Originally published: November 29, 2010
Last updated: December 2, 2010 - 11:54pm
The Supreme Court has decided not to hear the appeal of Whitney Harper, leaving her facing a $27,750 bill for having downloaded 37 tracks from Kazaa when she was 16.
In 2008, a trial judge ruled in San Antonio, Texas that Harper was a so-called "innocent infringer" and ordered her to pay $200 per track -- the minimum for innocent infringers.
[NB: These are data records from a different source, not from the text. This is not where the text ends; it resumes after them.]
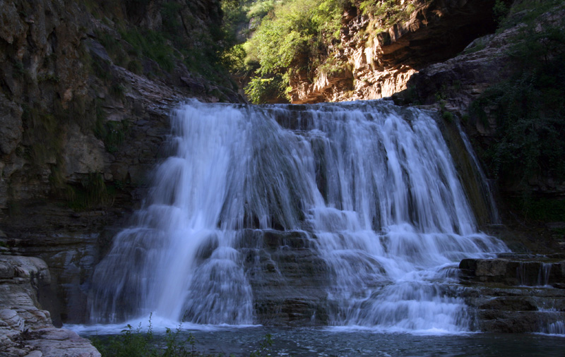 無獨有偶,再行5公里之地,又有一個天生的洗臉盆,面積三分地大,形似滴水盆,圓如規定徑。水無源,清波蕩漾;盆無蓋,一眼見底。當地人將滴水盆與洗臉盆稱為筋骨相連的子母盆。過了洗臉盆便是水簾洞。一股兩米寬的泉水從北峽溝的洞中涌出,緩流四五十米后順山崖直壁而下,一派“飛流直下三千尺”的磅礴氣勢。其后一深洞,嘩嘩瀑布落就半崖伸出的青石板上,打著飛快的漩渦卷人洞內,而后又從洞底端漏口處噴出,驚濤駭浪之聲震山蕩谷。
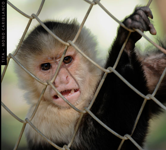 Separada de su tropa, Tita fue capturada para convertirla en mascota. Durante cuatro años vivió amarrada a un árbol. Cuando fue rescatada, algunos eslabones de la cadena se le habían incrustado en el cuello. Ahora solo le quedan las cicatrices.
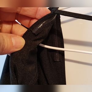 Tiger Mist black Ismay dress with ruched sides and centre-back. Long sleeves. Two ties at back. Sleeves and bodice have non-slip strips as pictured.
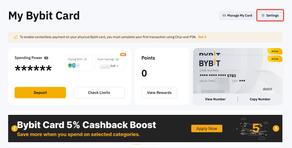 Langkah 1: Buka halaman Kartu Bybit Saya dan klik Pengaturan.
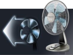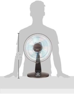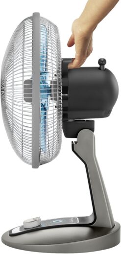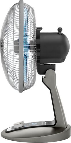 - 4-speed desk fan with 12-inch oscillating head and manual control dial
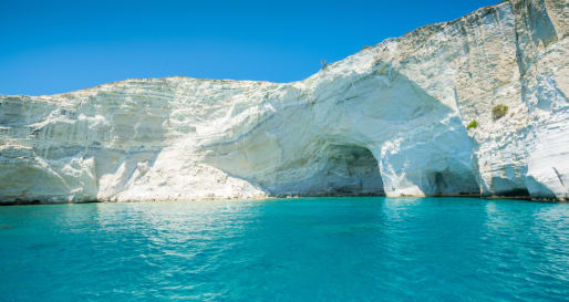 Next, it’s time to head to the Cyclades, where your first stop will be the enchanting island of Milos. You’ll spend three nights on this breath-taking island which really packs a punch, boasting otherworldly landscapes, gorgeous beaches and a fascinating history going back thousands of years. Discover the very best of Milos with your private guide, from the remains of an ancient Neolithic city to the lunar-like white stone and stunning blue waters at Sarakiniko bay. After exploring the highlights of the island, enjoy a private boat trip around Milos's incredible coastline to the white cliffs of Kleftiko. Admire the spectacular white rocks and jump in the crystal-clear waters, where you'll snorkel through caves which are inaccessible by boat.

The statutory floor for those who aren't innocent infringers is $750. That ruling was reversed by the 5th Circuit Court of Appeals, which ruled that Harper wasn't an innocent infringer because the copyright statute says that only people without access to published phonorecords -- in this case compact discs -- can be considered "innocent." That court also deemed Harper's age and lack of legal knowledge irrelevant to her liability. Harper then asked the Supreme Court to take up the case, arguing that the copyright statute's wording about notices on phonorecords should not apply in her case because she didn't infringe by copying a CD. The Supreme Court didn't give a reason for turning down Harper's appeal, but the order issued today shows that the decision wasn't unanimous. Judge Samuel Alito Jr. wrote a three-page dissent explaining why he wanted the court to consider Harper's appeal. He said there was "a strong argument" why the part of the statute dealing with notices on records doesn't apply in cases involving digital downloads, noting that the provision dates to 1988, "well before digital music files became available on the Internet."